Policy change may pose risk to city gas entities
New Delhi: With softer gas prices propping up CNG and piped cooking gas consumption, city gas distribution (CGD) entities will continue to see robust margins but any adverse change in the policy of gas allocation is a key risk for the industry's profitability, ratings agency ICRA said.
The volume consumption of compressed natural gas (CNG) by automobiles and piped natural gas (PNG) in domestic kitchens has been witnessing an increasing trend, supported by softer gas prices in the last 2-3 years, ICRA said in a statement on a report it has prepared on the domestic CGD sector.
"Going forward, demand growth favours CGD entities over the next decade and their margins are expected to remain healthy," ICRA Senior Vice President K Ravichandran said. Economics, he said, are favourable for CNG, with piped natural gas for industrial use (PNG-industrial) may be marginally profitable.
"The industry will benefit from the Central Government's volume push but any adverse change in domestic gas allocation policy will be a key risk for the sector's profitability and viability," he said.
Currently, CGD entities get first priority in the allocation of cheap domestically produced natural gas.
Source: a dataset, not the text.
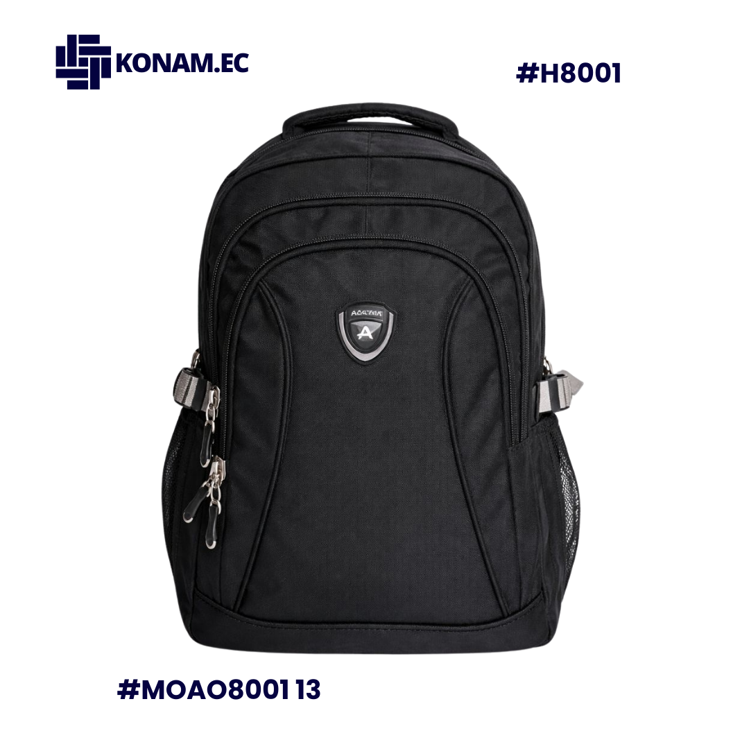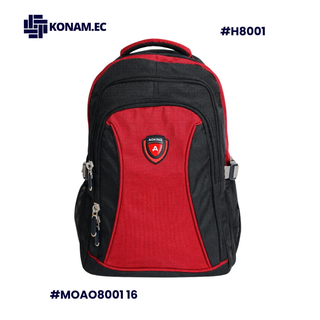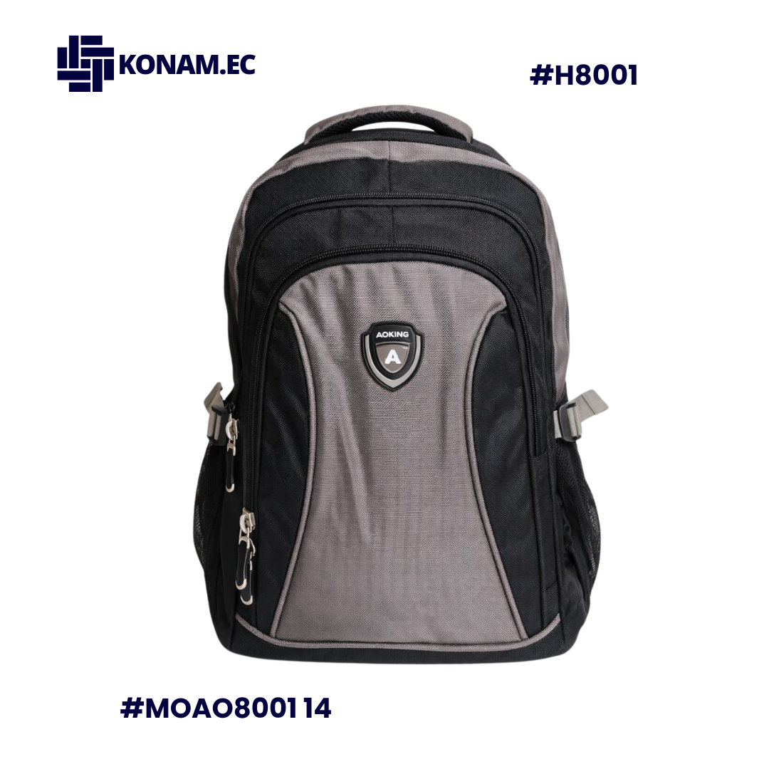 Mochila importada Aoking Serie H8001, de gran capacidad y diseño ergonómico que garantiza comodidad y funcionalidad. Fabricada con poliéster tipo lona o cordura impermeable en la parte externa y forro interno 100% poliéster, ofrece resistencia y durabilidad en todo entorno. Cuenta con llaves bidireccionales de nailon y bolsillos laterales de malla ideales para botellas o accesorios. Sus dimensiones son 48 x 32 x 18 cm, con ligeras variaciones por medición manual.

This gas is converted into CNG for sale to automobiles and piped to household kitchens for cooking purpose as well as to industries to meet their fuel needs.
ICRA's Ankit Patel said the Supreme Court ban on the use of petcoke and furnace oil in a bid to control pollution in the national capital region would mean that industrial units need to shift to alternate fuels such as natural gas.
This would further boost demand for PNG for industrial use over the short to medium term, he said.
"The margin of CGD entities has improved in the last three years supported by CNG, despite cost-push factors like the relatively higher cost of energy at existing R-LNG prices, the depreciation of the rupee versus the dollar and the weak industry demand and competition from alternate fuels," the statement said.